Active tokens -- also called smart tokens -- are much more complex than basic tokens. Active tokens incorporate some form of embedded intelligence. They are both harder to counterfeit and much harder to bypass than basic tokens.
A smart token can verify its validity by actively changing some provided nonsense value (commonly referred to as a nonce) in a way that, while difficult to duplicate, is easy to verify.
Cryptographic smart cards, common in Public Key Infrastructures, can do this by digitally signing the nonce. This enables the secured system to verify that the token is the same entity that it claims to be. Because active tokens frequently make use of highly unique internal characteristics to modify the nonce -- and because most active tokens will self-destruct if the integrity of their packaging is violated -- active tokens are very difficult to counterfeit.

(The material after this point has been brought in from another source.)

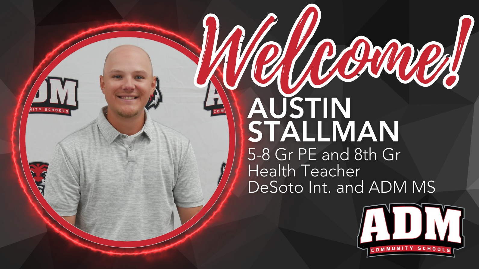 Welcome to ADM, Austin Stallman! He’s a physical education and health teacher at DeSoto Intermediate School and ADM Middle School.
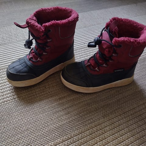Vain muutaman kerran käytetyt talvikengät/-lenkkarit, koko 28. VEDENPITÄVÄT. Kenkien yläosassa karvamainen vuori ja muuten fleecemäinen vuori, sivuilla heijastimet, tarrakiinnitys

Because they actively change the nonce, active tokens are extremely difficult to bypass, especially if the nonce changes with each challenge. The difficult-to-bypass feature is why some luxury vehicles now use active tokens embedded in the vehicle ignition key to prevent vehicle theft. If the ignition key doesn't properly authenticate to the engine computer, the engine simply will not run.
One interesting characteristic of active tokens is that they can be permanently installed within a server. Once such a token is installed, it can be used to identify the system to other systems in business-to-business transactions with the same characteristics that make tokens useful in identifying people.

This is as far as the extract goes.